## Instructions for the task
An exact transcription is needed of the lines below from the one with "Purple Ball Gown" through the one with "Les mandataires des", with no other lines and no pictures.

## Task input
○ ○ ○

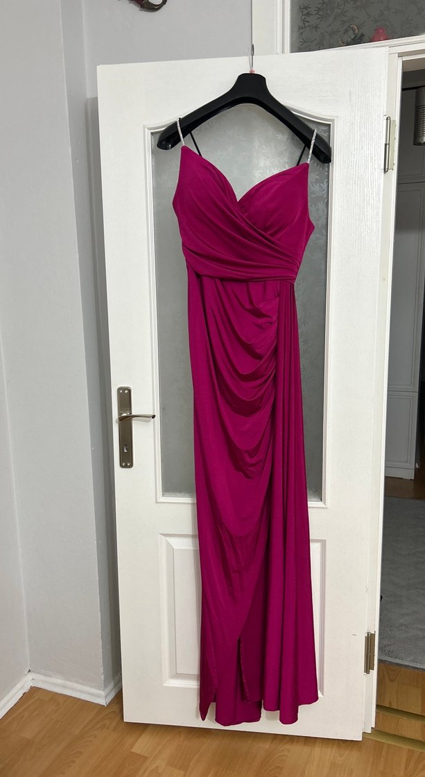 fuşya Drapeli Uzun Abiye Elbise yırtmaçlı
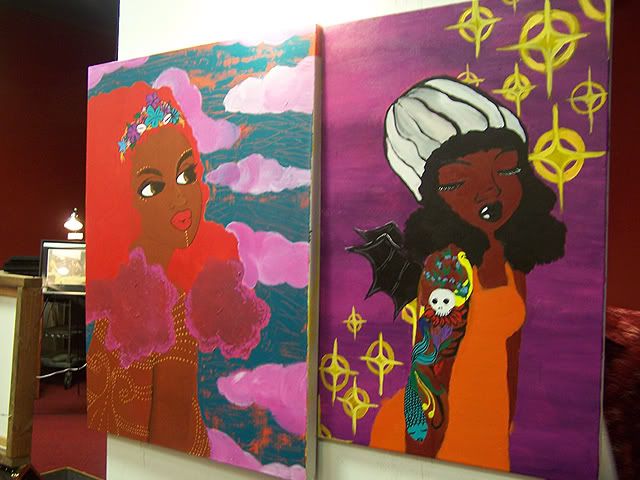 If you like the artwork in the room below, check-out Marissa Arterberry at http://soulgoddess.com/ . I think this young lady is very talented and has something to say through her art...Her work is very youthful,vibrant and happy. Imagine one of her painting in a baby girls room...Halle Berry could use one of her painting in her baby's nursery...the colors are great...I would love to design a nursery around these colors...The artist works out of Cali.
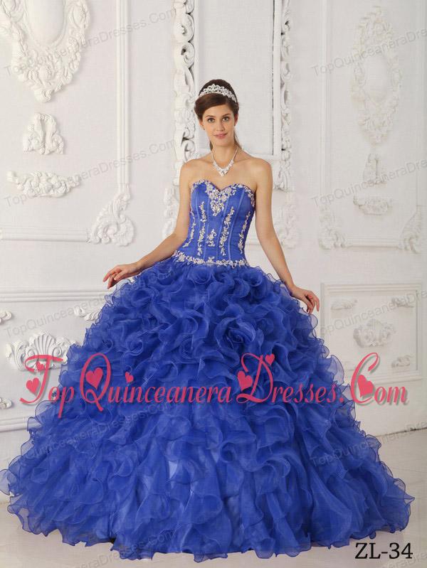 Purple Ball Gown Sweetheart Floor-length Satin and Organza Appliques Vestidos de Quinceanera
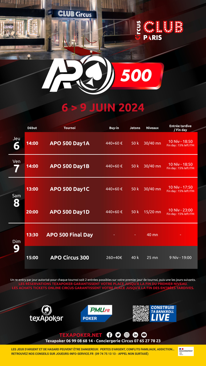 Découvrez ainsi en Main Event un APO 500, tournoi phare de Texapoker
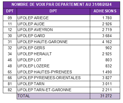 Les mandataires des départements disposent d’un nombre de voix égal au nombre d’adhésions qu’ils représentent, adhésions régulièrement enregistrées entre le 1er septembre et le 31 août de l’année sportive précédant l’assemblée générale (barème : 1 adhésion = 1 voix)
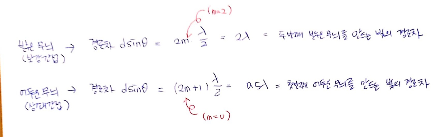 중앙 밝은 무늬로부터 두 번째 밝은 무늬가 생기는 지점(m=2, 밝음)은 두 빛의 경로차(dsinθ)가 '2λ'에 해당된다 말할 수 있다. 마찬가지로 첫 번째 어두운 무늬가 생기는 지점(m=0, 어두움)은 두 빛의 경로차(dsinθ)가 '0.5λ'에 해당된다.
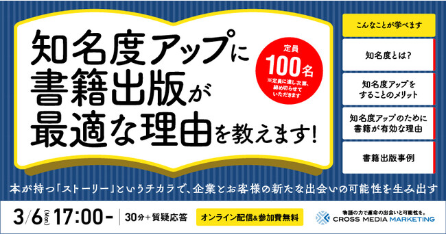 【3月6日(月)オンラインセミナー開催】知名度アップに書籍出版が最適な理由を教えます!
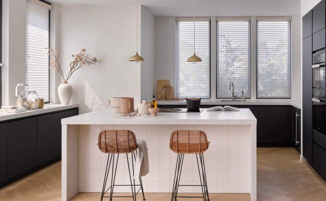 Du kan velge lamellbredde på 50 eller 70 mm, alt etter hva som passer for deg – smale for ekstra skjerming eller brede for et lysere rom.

○ ○ ○

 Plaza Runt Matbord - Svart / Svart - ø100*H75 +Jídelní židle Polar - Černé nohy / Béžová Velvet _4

○ ○ ○

## Solved problem
 Purple Ball Gown Sweetheart Floor-length Satin and Organza Appliques Vestidos de Quinceanera
 Découvrez ainsi en Main Event un APO 500, tournoi phare de Texapoker
 Les mandataires des départements disposent d’un nombre de voix égal au nombre d’adhésions qu’ils représentent, adhésions régulièrement enregistrées entre le 1er septembre et le 31 août de l’année sportive précédant l’assemblée générale (barème : 1 adhésion = 1 voix)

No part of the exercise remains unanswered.